Solution 2: JSONSchema
Pros
- We already use it
- 'Human readable' (it is just text)
- everyone knows how to parse JSON
- Don't need a special library just to deserialize a message (no external schema needed)
- mediawiki/event-schemas have had a lot of thought and work put into them
- We can be partly backwards compatible with current event systems which use JSON (EventLogging Analytics & EventBus), and more easily migrate usages of those systems to Modern Event Platform.
Cons
- messages are large ('schema' is shipped with every message in the form of string JSON keys for each field)
- JSON parsing is not efficient (lots of JSON text -> binary -> JSON text de/serialization)
- JSON (even with JSONSchema) is 'loosely' typed. E.g. No distinction between integers and floats (they are just numbers.)
- Full JSONSchema spec is too featureful and extensive for consistent type checking
- We'd have to use a very limited version of JSONSchema, e.g. no additionalProperties or patternProperties, etc.
- No existent Kafka Connect integration, we'd have to write this ourselves (PoC here).
- No generic existent Schema Registry, we'd need to write this ourselves or adapt the meta.wikimedia.org schema repo.
- Whatever schema repo solution we use, we'll likely need to do some custom work, as we also want a way of storing and editing metadata associated with schemas/topics (e.g. retention, sanitization policies, sampling rates, ownership, access ACLs etc.)
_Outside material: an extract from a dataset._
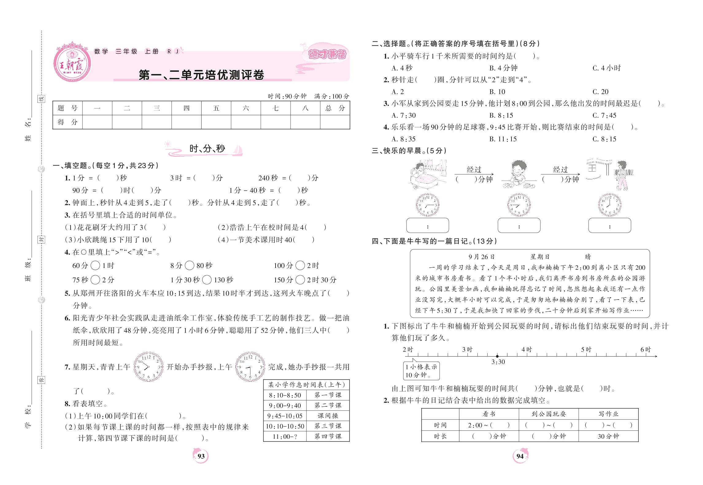三年级数学人教版上册单元卷

- No schema evolution constraints, other than the one we can impose -- we only allow additions of optional fields.
Recommendation
Solution 2: JSONSchema
My own opinion has waffled back and forth between these options over the last few years. (I even wrote a blog post that summarizes some of these at the beginning.) Given my recent investigations into the Kafka Connect codebase, my attempt at a JsonSchemaConverter PoC, and the interest in JSON / JSONSchema support in Kafka integration tools in the Kafka community, I now believe that JSONSchema is a better fit for WMF than Avro. It will require more engineering work up front to build a comprehensive system built on JSONSchema (since one already exists for Avro), but I believe the long term ease-of-use of such a system will outweigh he short term gains of not having to implement anything. I also believe we can build open source integration plugins via Kafka Connect, as well as a generic JSONSchema and topic-metadata repository in such a way that will be usable for more than just WMF's production environment.